══ Dataset records

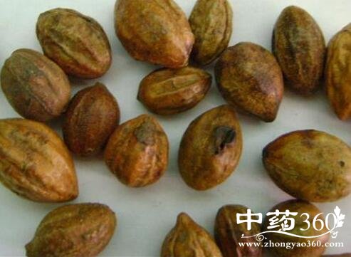1.诃子:果实呈卵形或椭圆形,长2.4cm,直径2~2.5cm。表面棕褐色,被棕色细密绒毛(绒毛诃子)或无(诃子),略具光泽,有5~6条纵菱形及不规则的皱纹,在纵棱线之间有1~2条明显或不明显的纵凸起,可见细密横向纹理,基部有圆形果柄痕。质坚实,剖开后,果肉厚2~4mm,黄棕色或黄褐色。果核长l.5~2.5cm,浅黄色,粗糙,坚硬、种子一粒,狭长纺锤形,长约1cm,直径2~4mm,膜质种皮黄棕色,子叶2,白色,相互重叠卷旋。无臭,味酸涩而后甜。
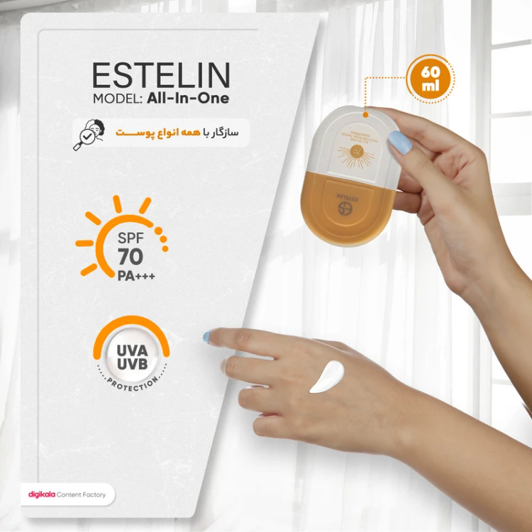 ضد آفتاب استلین برپایه آب و بسیار سبک میباشد. این ضد آفتاب بی رنگ، فاقد چربى و دارای SPF70 است. ضدآفتاب استلین در برابر اشعه UVA و UVB بسیار قوی عمل میکند و از تیرگی و آفتاب سوختگی جلوگیری میکند. ویتامین ث، نیاسینامید و هیالورونیک اسید موجود در کرم ضدآفتاب استلین، باعث درخشش و رطوبت رسانی عمیق پوست میشود. استفاده منظم روزانه از ضدآفتاب استلین میتواند پوست را در برابر اشعههای خورشید ایمن و از پیری زودرس، لک و تیرگی پوست جلوگیری کند.
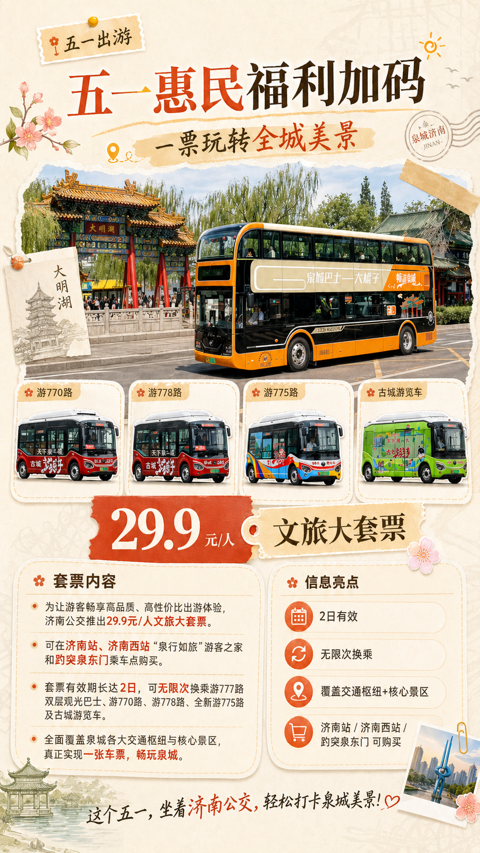 为让游客畅享高品质、高性价比出游,济南公交推出29.9元/人文旅大套票,可在济南站、济南西站“泉行如旅”游客之家和趵突泉东门乘车点购买,套票有效期长达2日,可无限次换乘游777路双层观光巴士、游770路、游778路、游775路及古城游览车,全面覆盖泉城各大交通枢纽与核心景区,真正实现一张车票,畅玩泉城。
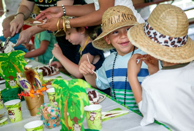 Animal-themed party goods are part of the fun at the zoo.
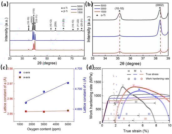 (a,b) X-ray diffractometer (XRD) and the corresponding magnified pattern; (c) lattice parameter evolution (c/a ratio) with increasing oxygen content; and (d) work-hardening behavior under varying oxygen levels [54].
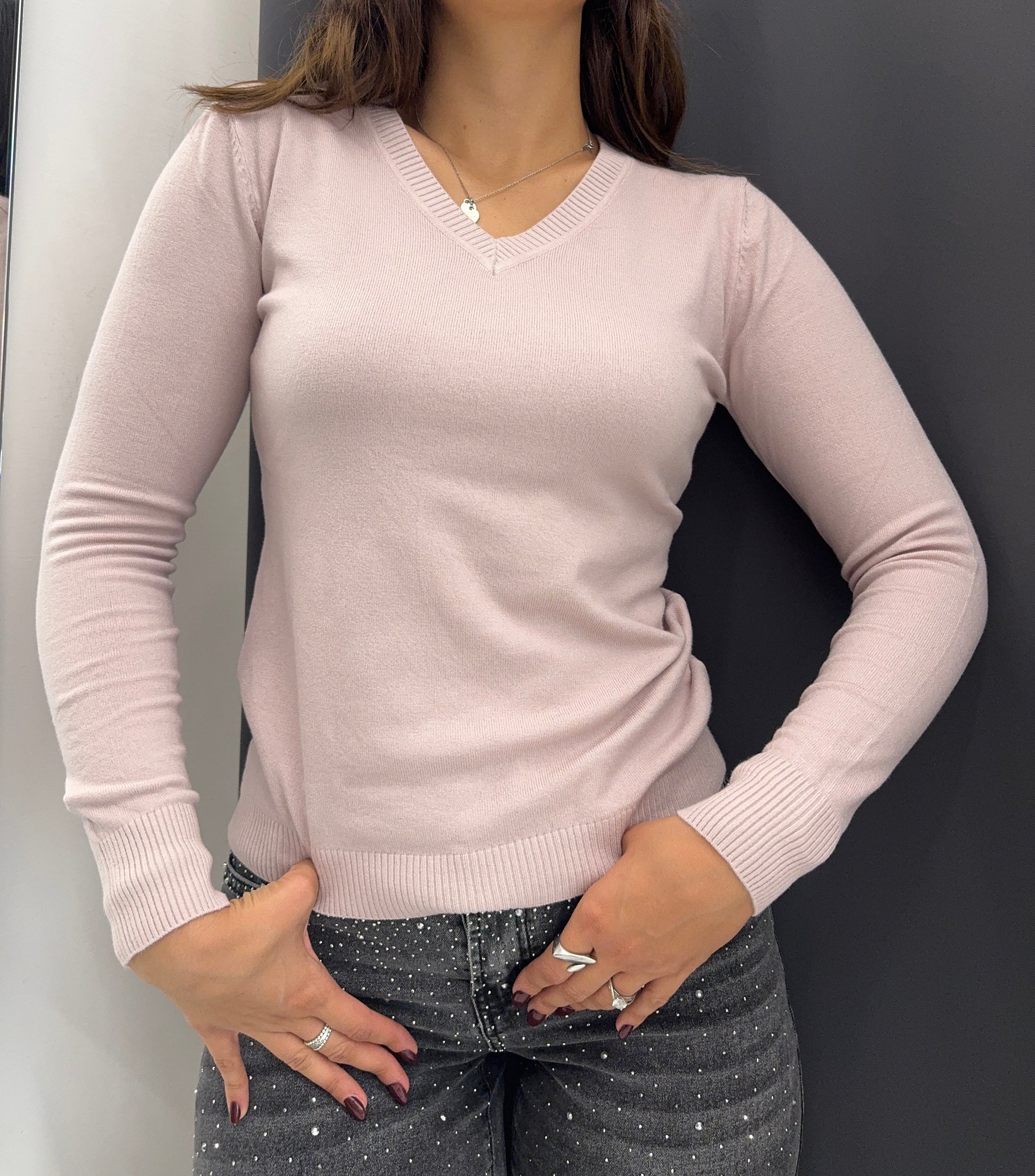 Maglioncino con scollo a V elasticizzato a tinta unita, variante colore rosa.
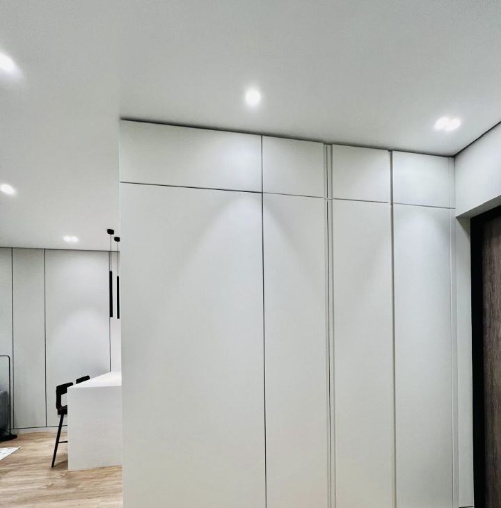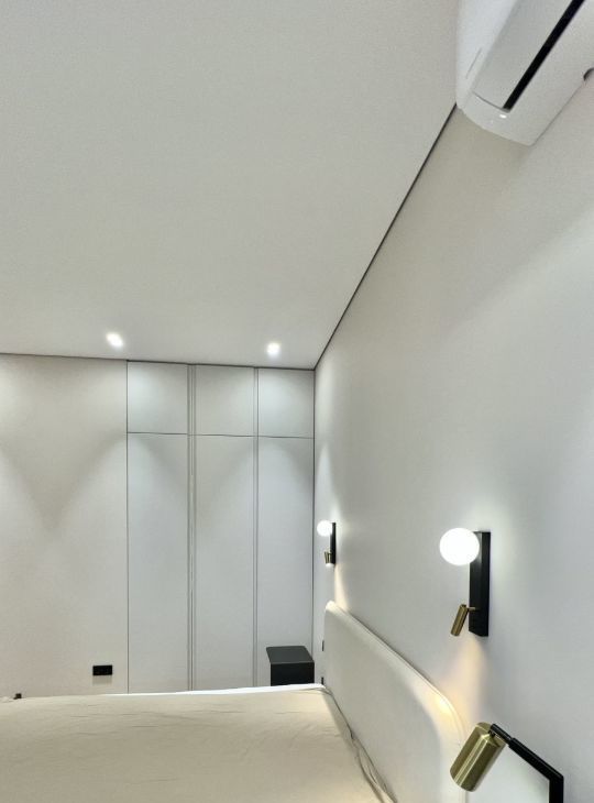 - изолированную спальню со шкафом, зеркало, прикроватной тумбой, рабочая зона кабинета, туалетный стол и пуф, зоной ТВ, вместительным подвесным комодом, двуспальная кровать с подъёмным механизмом;
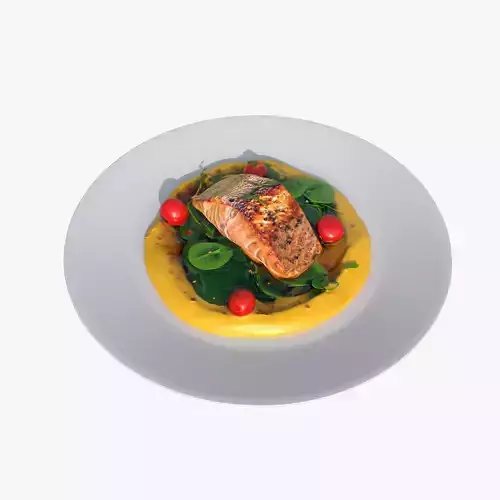 Baked Fish With Lemon Cream Sauce Low-poly 3D model
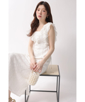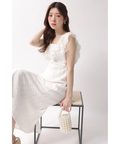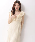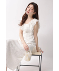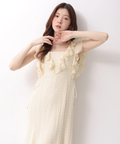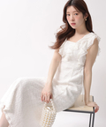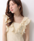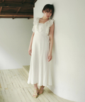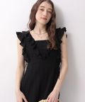 立体感のあるカットレースとフリルが華やぎを添えるワンピース。
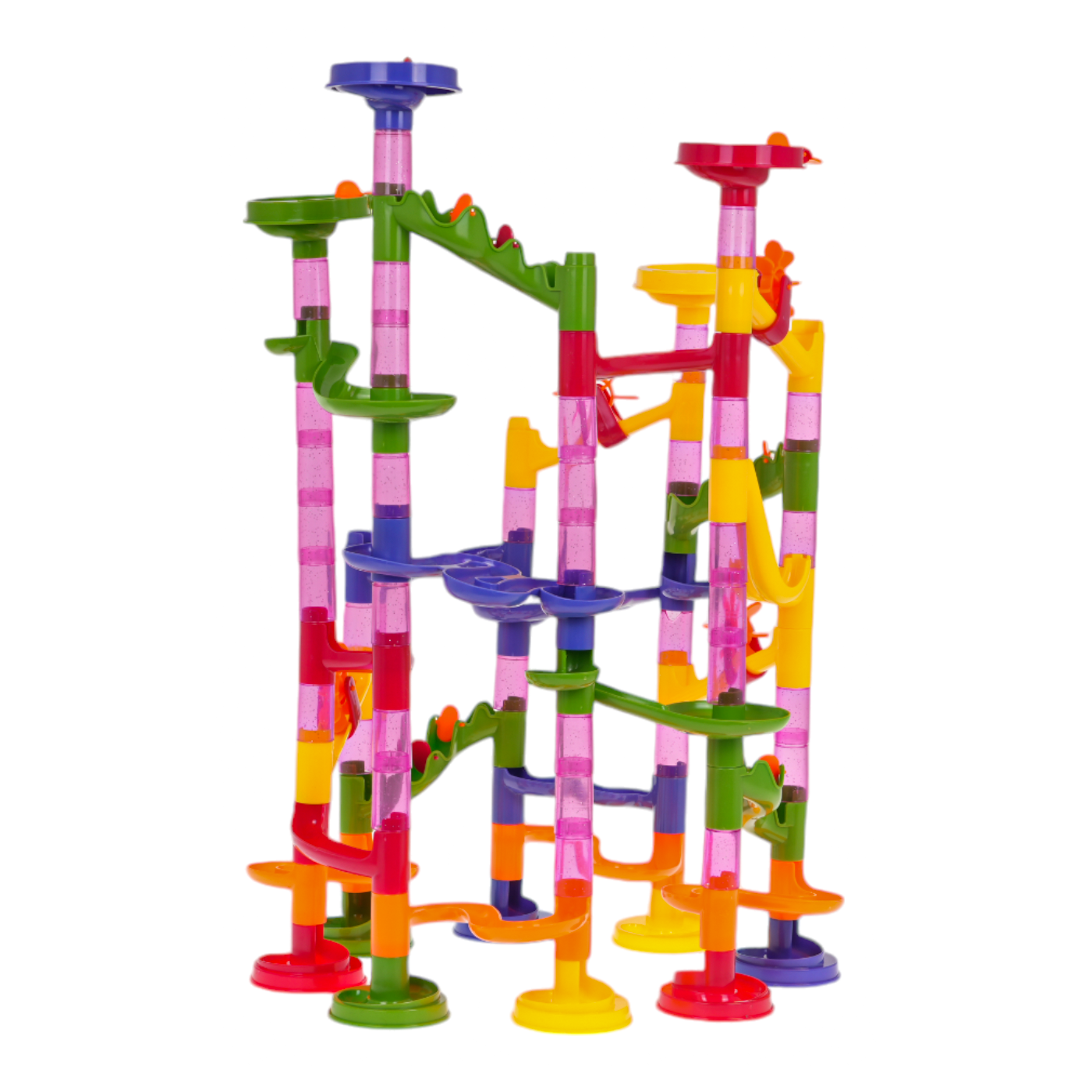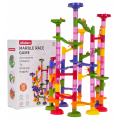 Farebná odolná guličková dráha pre deti od 3 rokov, ale určite vzbudí záujem aj u starších detí. Hra zahŕňa zostavenie konštrukcie trate sami a následné hádzanie loptičiek cez tunely. Môžete postupovať podľa obrázkového návodu, ktorý je súčasťou súpravy, alebo si vytvoriť vlastnú vežu. Uvedenie loptičiek do pohybu a sledovanie ich prechodu kľukatými tunelmi prináša veľa radosti, upokojuje a upokojuje. Hračka má pozitívny vplyv na rozvoj kreativity, fantázie a manuálnych zručností.
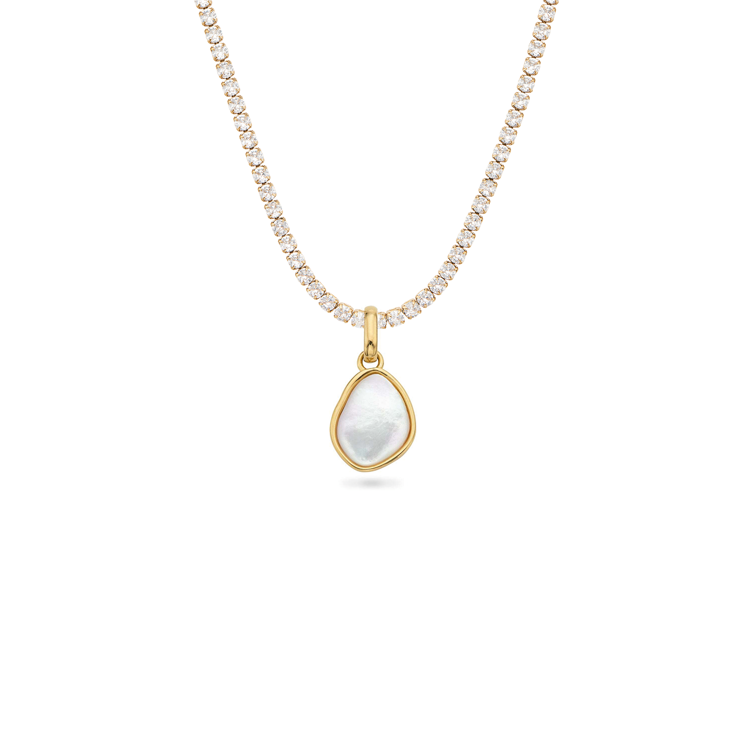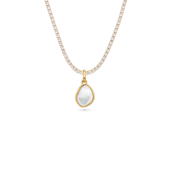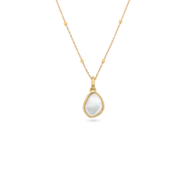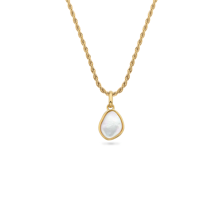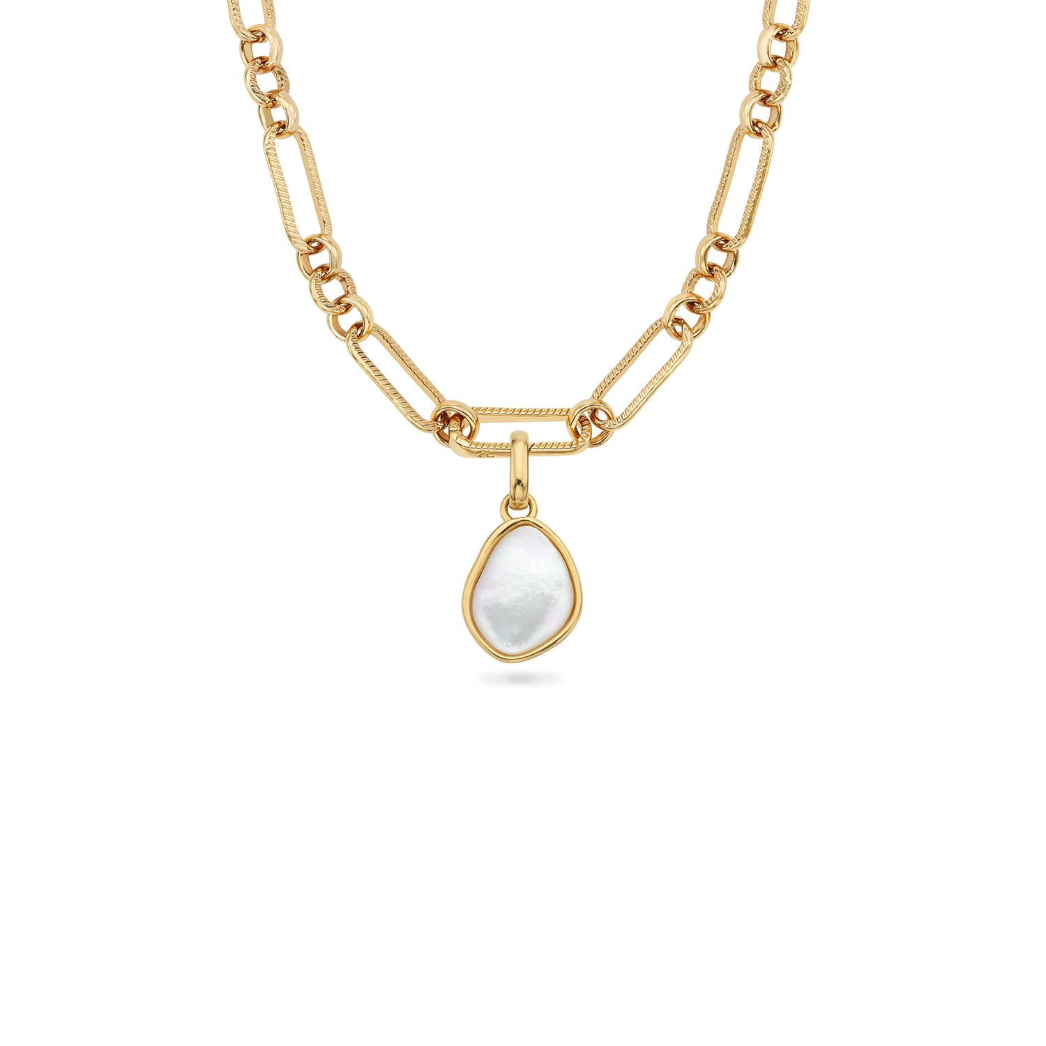 Handcrafted in 18k gold-plated stainless steel. The interchangeable pendant measures 13x9mm and is available in two lengths: 14-16in and 18-20in.

════

The whole of the data needs to be copied word for word, though not its pictures.

■ **Solved exercise**
1.诃子:果实呈卵形或椭圆形,长2.4cm,直径2~2.5cm。表面棕褐色,被棕色细密绒毛(绒毛诃子)或无(诃子),略具光泽,有5~6条纵菱形及不规则的皱纹,在纵棱线之间有1~2条明显或不明显的纵凸起,可见细密横向纹理,基部有圆形果柄痕。质坚实,剖开后,果肉厚2~4mm,黄棕色或黄褐色。果核长l.5~2.5cm,浅黄色,粗糙,坚硬、种子一粒,狭长纺锤形,长约1cm,直径2~4mm,膜质种皮黄棕色,子叶2,白色,相互重叠卷旋。无臭,味酸涩而后甜。
 ضد آفتاب استلین برپایه آب و بسیار سبک میباشد. این ضد آفتاب بی رنگ، فاقد چربى و دارای SPF70 است. ضدآفتاب استلین در برابر اشعه UVA و UVB بسیار قوی عمل میکند و از تیرگی و آفتاب سوختگی جلوگیری میکند. ویتامین ث، نیاسینامید و هیالورونیک اسید موجود در کرم ضدآفتاب استلین، باعث درخشش و رطوبت رسانی عمیق پوست میشود. استفاده منظم روزانه از ضدآفتاب استلین میتواند پوست را در برابر اشعههای خورشید ایمن و از پیری زودرس، لک و تیرگی پوست جلوگیری کند.
 为让游客畅享高品质、高性价比出游,济南公交推出29.9元/人文旅大套票,可在济南站、济南西站“泉行如旅”游客之家和趵突泉东门乘车点购买,套票有效期长达2日,可无限次换乘游777路双层观光巴士、游770路、游778路、游775路及古城游览车,全面覆盖泉城各大交通枢纽与核心景区,真正实现一张车票,畅玩泉城。
 Animal-themed party goods are part of the fun at the zoo.
 (a,b) X-ray diffractometer (XRD) and the corresponding magnified pattern; (c) lattice parameter evolution (c/a ratio) with increasing oxygen content; and (d) work-hardening behavior under varying oxygen levels [54].
 Maglioncino con scollo a V elasticizzato a tinta unita, variante colore rosa.
 - изолированную спальню со шкафом, зеркало, прикроватной тумбой, рабочая зона кабинета, туалетный стол и пуф, зоной ТВ, вместительным подвесным комодом, двуспальная кровать с подъёмным механизмом;
 Baked Fish With Lemon Cream Sauce Low-poly 3D model
 立体感のあるカットレースとフリルが華やぎを添えるワンピース。
 Farebná odolná guličková dráha pre deti od 3 rokov, ale určite vzbudí záujem aj u starších detí. Hra zahŕňa zostavenie konštrukcie trate sami a následné hádzanie loptičiek cez tunely. Môžete postupovať podľa obrázkového návodu, ktorý je súčasťou súpravy, alebo si vytvoriť vlastnú vežu. Uvedenie loptičiek do pohybu a sledovanie ich prechodu kľukatými tunelmi prináša veľa radosti, upokojuje a upokojuje. Hračka má pozitívny vplyv na rozvoj kreativity, fantázie a manuálnych zručností.
 Handcrafted in 18k gold-plated stainless steel. The interchangeable pendant measures 13x9mm and is available in two lengths: 14-16in and 18-20in.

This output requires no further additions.